Here you are using the object data.pls and this doesn't exist yet - and never will in the frame of FOO3() - it is only ever created in cpo().
Your second loop looks totally wrong - you are not assigning the output from cpo() to anything. I suspect you wanted:
outList <- vector("list", 11)
names(outList) <- c("R2train","RMSEPtrain", paste("bias", 1:9, sep = ""))
....
for(i in subset) {
outList[[i]] <- cpo(....)
}
return(outList)
But that depends on what subset is etc. You also haven't got the syntax for this loop right. You have
for(i in(subset)) {
when it should be
for(i in subset) {
And subset and data aren't great names as these are common R functions and modelling arguments.
There are lots of problems with your code. Try to start simple and build up from there.

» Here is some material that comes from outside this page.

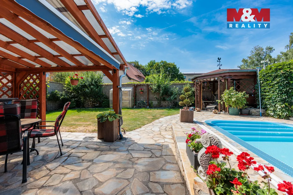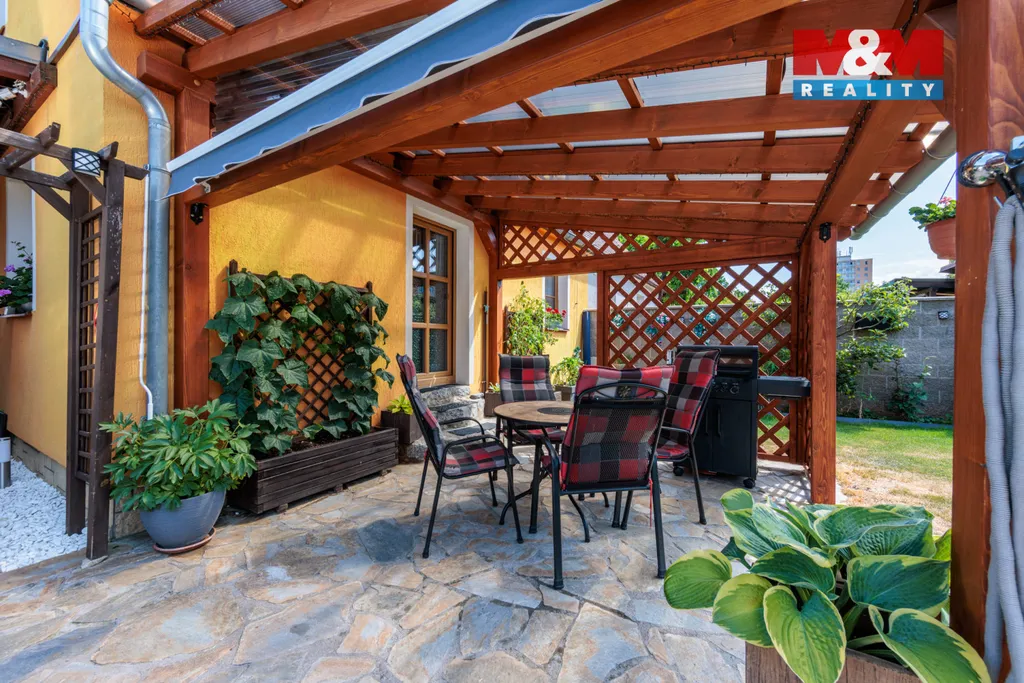 Soukromá zahrada o velikosti 267 m² nabízí krytý, vyhřívaný bazén se slanou vodou, pergolu a grilovací kout. Celý pozemek je oplocen 2,5 m vysokou zdí, doplněn elektrickou bránou a parkováním až pro čtyři vozy.

I have managed to achieved what i wanted using this, if there is a better way of doing it (i'm sure there must be) I'm eager to learn.This function preforms the following task
1. select "n" number of subsets from a dataframe
2. For each subset created, a plsr model is made
3. Each plsr model is used to predict 9 test sets
4. For each prediction, the prediction bias is calculated
far5<- function(data, nSubsets, nSkip){
sub <- vector("list", length = nSubsets)
names(sub) <- c( paste("sub", 1:nSubsets, sep = ""))
totRow <- nrow(data)
for (i in seq_len(nSubsets)) {
rowsToGrab <- seq(i, totRow, nSkip)
sub[[i]] <- data[rowsToGrab ,]} #sub is the subsets created
mop<- lapply(sub,cpr2) #assigning output from cpr to mop
names(mop)<-c(paste("mop", mop, sep=""))
return(names(mop))
}
call: far5(data,nSubsets, nSkip))
The first part -selecting the subsets is based on the answer to my question Select several subsets by taking different row interval and appy function to all subsets
I was then able to apply the function cpr2 to the subsets created using "lapply" instead of the "for' loop as was previously done.

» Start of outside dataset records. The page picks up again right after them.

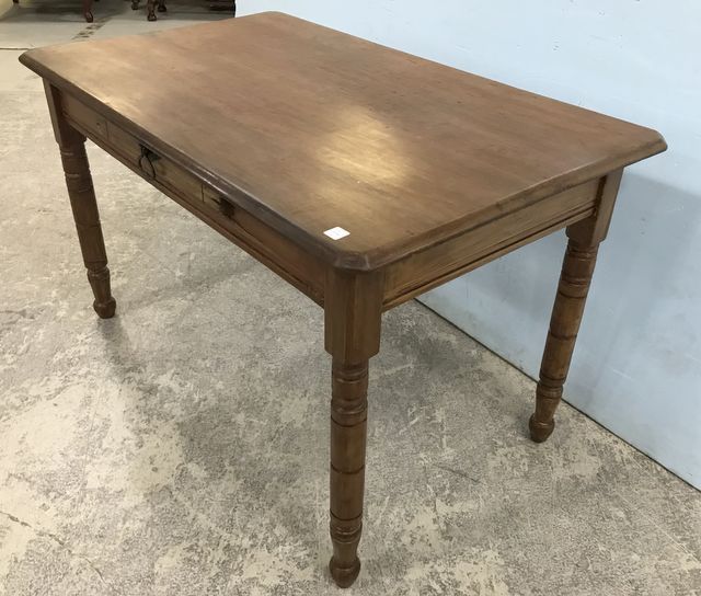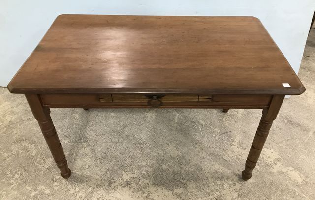 Sold Wood Antique Farm Table, faux drawer, carved legs, good condition, 28"h., 48"w., 28"d. Sold Wood Antique Farm Table, faux drawer, carved legs, good condition, 28"h., 48"w., 28"d.
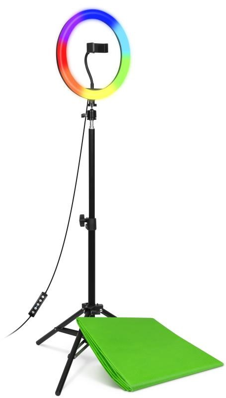 Chcete-li povznést vaše videa a fotky na vyšší úroveň, využijte přiložený green screen, díky kterému vaše tvorba zaujme unikátním pozadím a získá originální vibe. Absolutní svobodu v nastavení požadovaného úhlu garantuje úchyt světla pomocí kulové hlavy. Barevnou teplotu světla je možno nastavit od studené až po teplou ve třech úrovních. Držák mobilního telefonu umístěný na flexibilním husím krku umožňuje pohodlné nastavení do libovolného snímacího úhlu fotografií a videí. Ve výbavě nechybí dálkový ovladač pro vypnutí/zapnutí světla, nastavení jeho intenzity nebo barevné teploty.
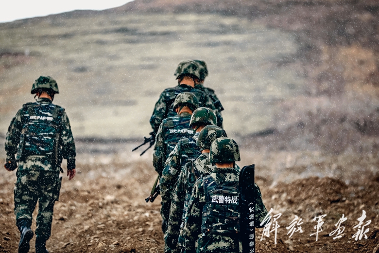 巡邏路上,官兵要翻越3座海拔5000多米的雪山,穿越大大小小的山峰和沼澤地。在高寒缺氧的環(huán)境中,就算輕裝前進,也相當于在內(nèi)地負重20公斤。官兵手拉著手,一步一步慢慢向前挪動,稍不留神就會遭遇險情。但是,沒有一人面露懼色,沒有一人退卻。
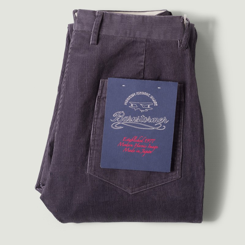 C'est sur cette base que Barnstormer a décidé de revisiter l'icône dans un velours à fines côtes japonais 100% coton, subtilement délavé pour lui apporter un aspect résolument vintage. Le 1633P reprend les grandes lignes du modèle d'origine, avec deux grandes poches à main plaquées, accessibles par une ouverture oblique, et deux grandes poches arrière à rabat boutonné. La coupe propose une taille haute et du confort aux cuisses, pour terminer sur un bas de jambe légèrement fuselé avec un ourlet comprenant un excédant de longueur si le pantalon se révélait trop court.
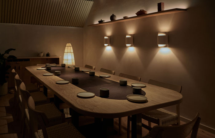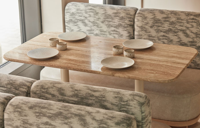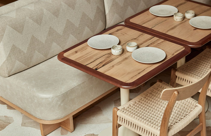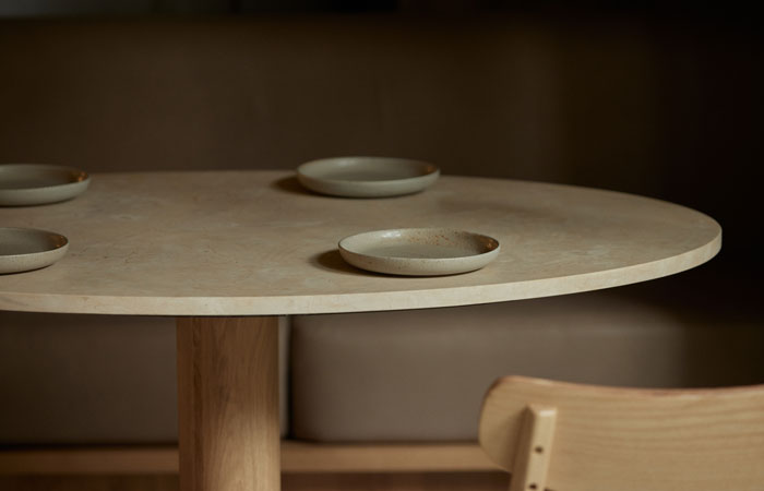 KOL’s range of furniture was all created by A-nrd studio in collaboration with artisans in Italy and the UK. The whole furniture collection focuses on subtle detailing and natural materials, a nod to the modernist aesthetic found throughout Mexico. The tables are a mix of honed silver travertine stone and oak wood which has been hand-planed to add tactility. The stone tabletops seem to be floating, with accentuated interlocking leg details. The oak wood chairs also present the same hand-planed finish and sleek leather upholstery while the window benches are more of a sculptural piece with travertine block bases and a suspended leather backing. The communal table in the private dining room was also bespoke and features two hand-planed oak planks merged by a central concrete runner to create a sectional sharing table.
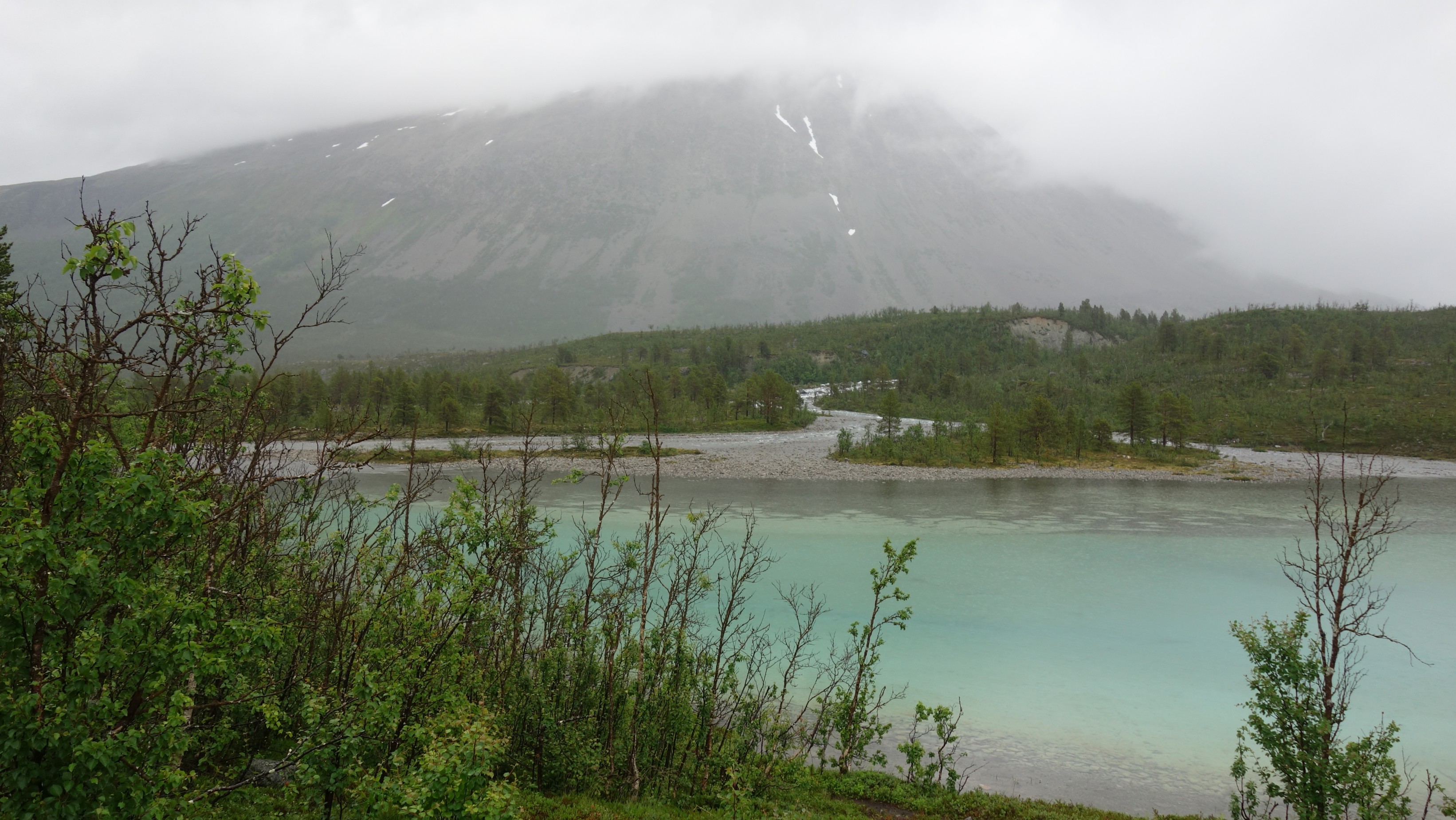 Vooraleer dat het geval is, volgt eerst nog een bijzondere natte afdaling door een berkenbos met gladde rotsblokken en natte bosbessenstruikjes. Zelf met regenjas en –broek is het vocht niet buiten te houden. De schoenen hebben het al enkele dagen geleden opgegeven, van de waxbeurt thuis is niets meer te merken.
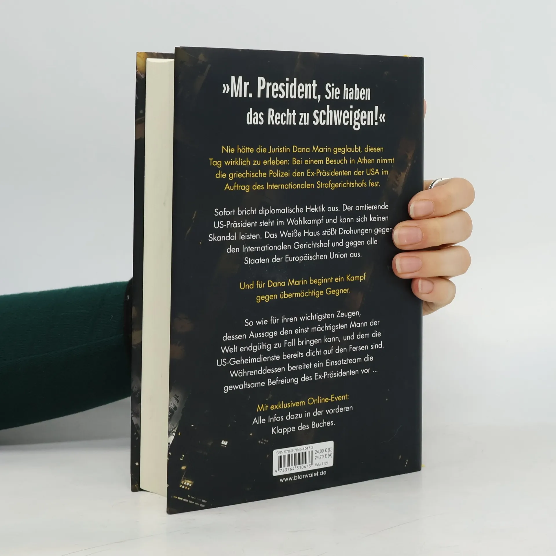 »Mr. President, Sie haben das Recht zu schweigen!« – Wenn Fiktion zur Realität wird – der neue Bestseller von Marc Elsberg! Mit Zugang zum exklusiven Online-Event: Alle Infos dazu im Buch. Nie hätte die Juristin Dana Marin geglaubt, diesen Tag wirklich zu erleben: Bei einem Besuch in Athen nimmt die griechische Polizei den Ex-Präsidenten der USA im Auftrag des Internationalen Strafgerichtshofs fest. Sofort bricht diplomatische Hektik aus. Der amtierende US-Präsident steht im Wahlkampf und kann sich keinen Skandal leisten. Das Weiße Haus stößt Drohungen gegen den Internationalen Gerichtshof und gegen alle Staaten der Europäischen Union aus. Und für Dana Marin beginnt ein Kampf gegen übermächtige Gegner. So wie für ihren wichtigsten Zeugen, dessen Aussage den einst mächtigsten Mann der Welt endgültig zu Fall bringen kann. Die US-Geheimdienste sind dem Whistleblower bereits dicht auf den Fersen. Währenddessen bereitet ein Einsatzteam die gewaltsame Befreiung des Ex-Präsidenten vor, um dessen Überstellung nach Den Haag mit allen Mitteln zu verhindern ... Lesen Sie auch den aktuellen Thriller von Marc Elsberg: °C - Celsius! Ein Klimathriller, der alles auf den Kopf stellt. Außerdem erhältlich: Blackout. Morgen ist es zu spät. Zero. Sie wissen, was du tust. Helix: Sie werden uns ersetzen. Gier. Wie weit würdest du gehen?

cpr2 is a modification of cpo, for which only data is supplied, and the new data to be predicted is used directly in the function as shown below.
cpr2<-function(data){
data.pls<-plsr(protein~.,8,data=data,validation="LOO") #make plsr model
gag11p.pred<-predict(data.pls,8,newdata=gag11p) #predict each test set
gag12p.pred<-predict(data.pls,8,newdata=gag12p)
gag13p.pred<-predict(data.pls,8,newdata=gag13p)

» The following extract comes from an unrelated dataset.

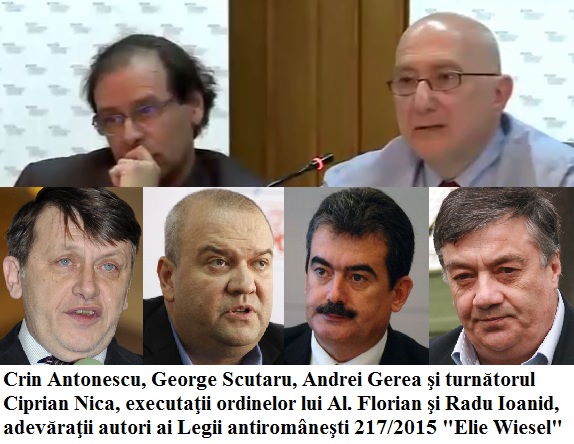 Referitor la una dintre acestea, Legea nr. 217/2015, zisă chiar „legea antilegionară“ (o comentatoare a supranumit-o, corect și inspirat, „legea ilegitimă“, iar ziaristul Ion Spânu a poreclit-o, mai clar și mai dur, „legea fără-de-lege“!), care a stîrnit multe și vehemente critici[35], Lucia Hossu-Longin se întreba retoric: „Unde văd aceşti domni iniţiatori ai legii recrudescenţa fenomenelor fasciste, legionare, rasiste, în România? (…) Legea nu slujeşte democraţia, ci o subminează. (..) Eu personal, ca autoare a Memorialului durerii, voi face plângere penală iniţiatorilor legii pentru ca acest document să fie retras şi reformulat în termeni europeni“[36]. Nu știu ce înțelegea ea prin „termeni europeni“ și nu știu ce s-a ales de lauda cu iminenta sa plîngere penală (dacă o mai fi făcut-o), dar Legea nr. 217/2015 este în vigoare și-și face efectul scontat[37] de cvintetul inițiatorilor – Alexandru Florian-Aurel Vainer-Crin Antonescu-Andrei Gerea-George Scutaru –: atît de a-i băga pe românii patrioți la pușcărie, cît și de a-i condamna a doua oară și de a-i ponegri post mortem pe martirii naționaliști[38]. Și, culmea absurdului, arbitrariului și a tupeului, Crin Antonescu[39] avea să fie propus de către Ilie Bolojan-Buldogu’[40], liderul clicocrației cleptocrate, ca candidat la prezidențiale, spre a-l șunta pe Călin Georgescu! Adică este propus să îi ia locul sinistrului președinte alogen Klaus Werner Iohannis, pe care tot el, Crin Antonescu-Vorbete, l-a adus din Primăria Sibiului ca să-l facă prim-ministru tehnocrat, dar a sfîrșit prin a fi președinte cleptocrat în urma manevrelor politicianiste ale „liberalilor-monarhiști“ (horribile dictu; sintagma „liberal-monarhist“ este o schizofrenie politică)! După ce, anterior, la presiunea duetului ticăloșilor din I.N.S.H.R.-„E.W.“, frații vitregi Al. Florian și Radu Ioanid, cvartetul malefic „Crin Antonescu-Vorbete, Andrei Gerea, George Scutaru și turnătorul Ciprian Nica“ a impus criminala O.U.G. nr. 31/2002!
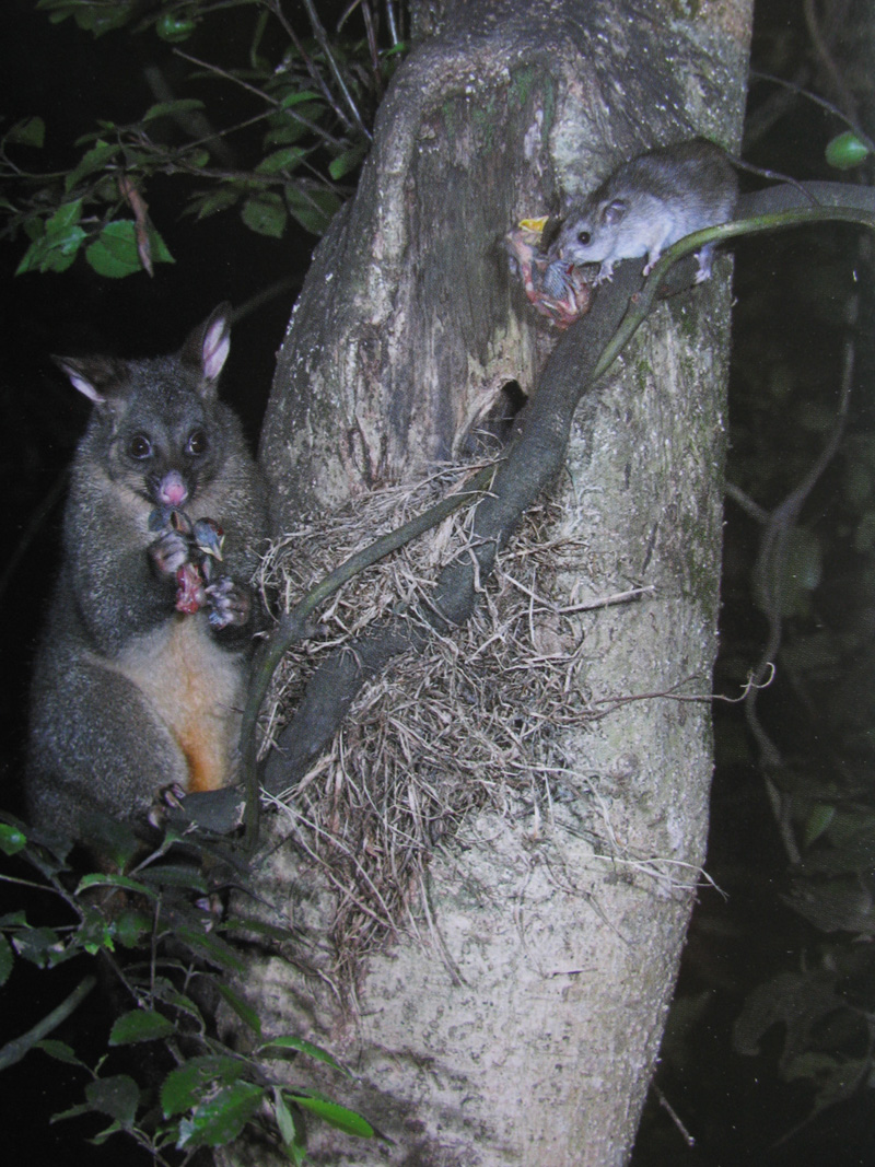 En Possum och en råtta som tillsammans kalasar på varsin fågelunge. Blev nog inga tuis i den kullen.

gag21p.pred<-predict(data.pls,8,newdata=gag21p)
gag22p.pred<-predict(data.pls,8,newdata=gag22p)
gag23p.pred<-predict(data.pls,8,newdata=gag23p)
gag31p.pred<-predict(data.pls,8,newdata=gag31p)
gag32p.pred<-predict(data.pls,8,newdata=gag32p)
gag33p.pred<-predict(data.pls,8,newdata=gag33p)
pred.bias1<-mean(gag11p.pred-gag11p[742]) #calculate prediction bias
pred.bias2<-mean(gag12p.pred-gag12p[742])
pred.bias3<-mean(gag13p.pred-gag13p[742])
pred.bias4<-mean(gag21p.pred-gag21p[742])
pred.bias5<-mean(gag22p.pred-gag22p[742])
pred.bias6<-mean(gag23p.pred-gag23p[742])
pred.bias7<-mean(gag31p.pred-gag31p[742])
pred.bias8<-mean(gag32p.pred-gag32p[742])
pred.bias9<-mean(gag33p.pred-gag33p[742])
r<-signif(c(pred.bias1,pred.bias2,pred.bias3,pred.bias4,pred.bias5,
pred.bias6,pred.bias7,pred.bias8,pred.bias9),2)
out<-c(R2(data.pls,"train",ncomp=8),RMSEP(data.pls,"train",ncomp=8),r)
return(out)
} #signif use to return 2 decimal place for prediction bias
call:cpr2(data)
I was able to use this to solve my problem, however since the amount of new data to be predicted was only nine, it was possible to list them out as i did. If there is a more generalized way to do this I'm interested in learning.